Angie completed her undergraduate work at Brigham Young University in Psychology, with an emphasis in Neurocognitive Processes. In this time, she has done research in a variety of areas. She has worked with Autism using neuroimaging techniques, genetics in primates regarding the mu-opioid receptor, models of ADHD, and spousal support research in relation to colorectal cancer. She is currently pursuing her masters in Psychological Sciences at the University of Illinois Urbana-Champaign, and is researching aggression by using EEG techniques. Her research interests primarily lie in the field of neuroimaging and neurocognitive processes with an emphasis in neurodegenerative disorders. In the future, she hopes to obtain a PhD in this same field.
Allison completed her undergraduate work at The Catholic University of America in Psychology. As an undergraduate she worked in a Cognitive Aging Lab investigating implicit memory in healthy older adults and young adults, as well as a Psychophysiology Lab using EEG/ERP to investigate executive function. Afterward, she was a Post-baccalaureate IRTA at the NIMH for two years studying the neural mechanisms of fear and anxiety in healthy controls and patients using EMG and fMRI with Dr. Shmuel Lissek and Dr. Christian Grillon. She began her Ph.D. in Clinical Psychology at the University of Illinois Urbana-Champaign in the fall of 2011. Her current research interests include exploring the neural mechanisms of anxiety, depression, and their co-occurrence, as well as the interaction between emotion and cognition. In the future she hopes to integrate both basic and applied clinical science research.
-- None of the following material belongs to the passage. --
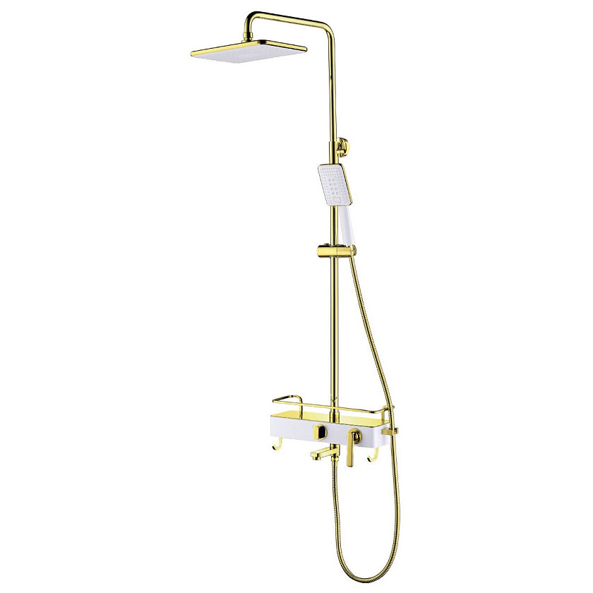 Душевая система Lemark Mista изготовлена из латуни в оригинальном дизайном с контрастными деталями в белом и золотом цветах. Смеситель имеет удобную прямоугольную полочку для душевых принадлежностей.

Chinmayi has a B.A. in Psychology and an M.Sc. in Cognitive Psychology/Neuropsychology. She conducted research in the Social Neuroscience and Psychopathology laboratory at Harvard University. Chinmayi began her graduate work in Clinical Psychology at the University of Illinois Urbana-Champaign in the fall of 2011.
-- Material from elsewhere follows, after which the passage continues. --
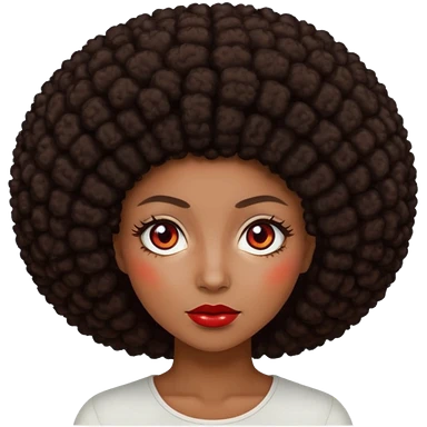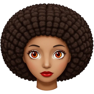 change her hair to a dark brown afro, dark brown eyes, and make the eye whites red emoji

Annie received her B.S. In Neuroscience and French from the University of Michigan, where she worked as an undergraduate research assistant with Dr. Kelly Ryan and Dr. Bruno Giordani at the Michigan Alzheimer Disease Research Center on projects related to caregiver burden. Following graduation, she gained experience with fMRI and neuropsychological assessment as a research assistant for Dr. Scott Langenecker at the University of Michigan and the University of Illinois at Chicago. Annie’s current interests lie in studying how emotional attention differs among individuals at-risk for mood disorders. Specifically, she is working with Dr. Simona Buetti on an fMRI study that investigates the effect of perceived control in reaction to emotional events in subjects with depression or mania. Additionally, Annie is interested in assessing the effects of mindfulness meditation interventions on measures of working memory and cognitive control.
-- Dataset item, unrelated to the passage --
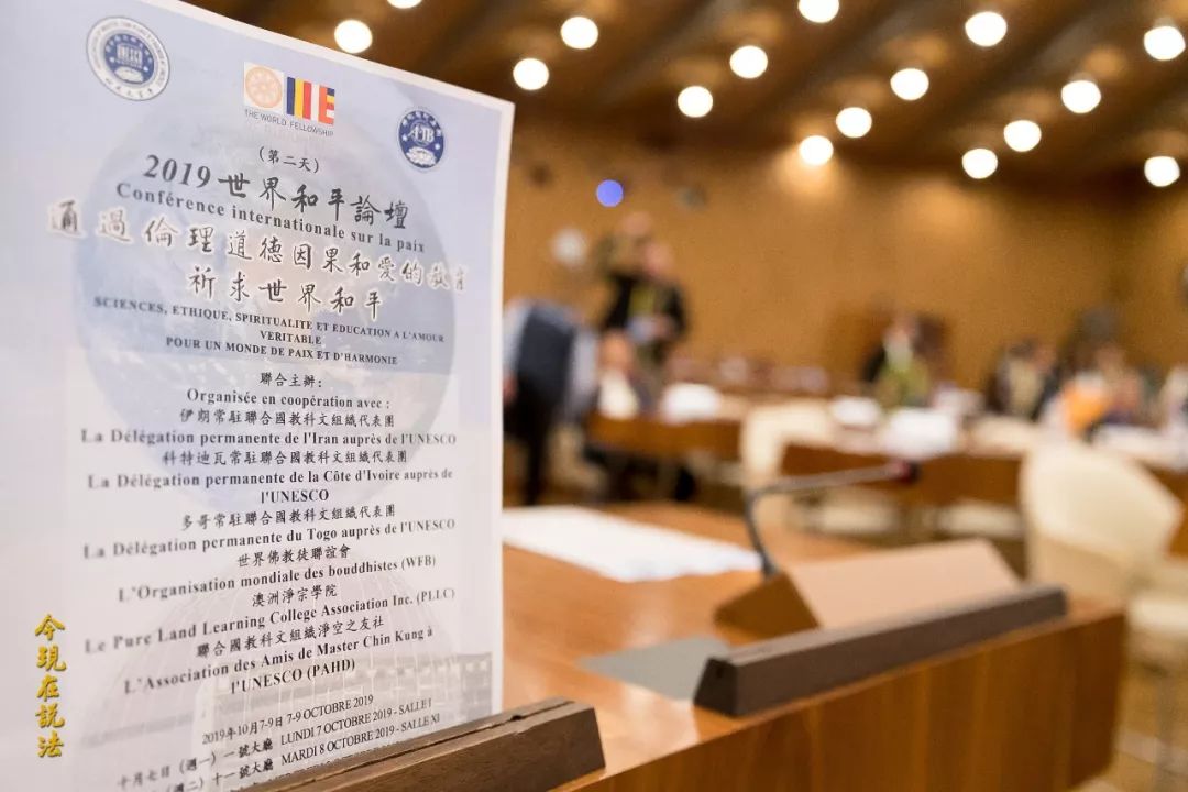 十月七日至九日「和諧世界和平論壇」在法國巴黎聯合國教科文組織總部舉行。此次論壇由「伊朗、科特迪瓦、多哥」三國常駐教科文組織代表團,以及世界佛教徒聯誼會、澳洲淨宗學院、淨空之友社聯合主辦。多國大使、專家學者、宗教代表以及全球和平愛好者,近千人參與盛會。

Joel completed his undergraduate degree at Harvard University earning a bachelor’s in Government and Certificate in Health Policy. As a graduate student at the University of Illinois at Urbana-Champaign, he studies the ontology of psychological distress. His work focuses on understanding how relational schemas function as causal mechanisms that link early trauma to adult psychopathology. His additional interests lie in psychological healing processes, philosophy of mind, and philosophy of science.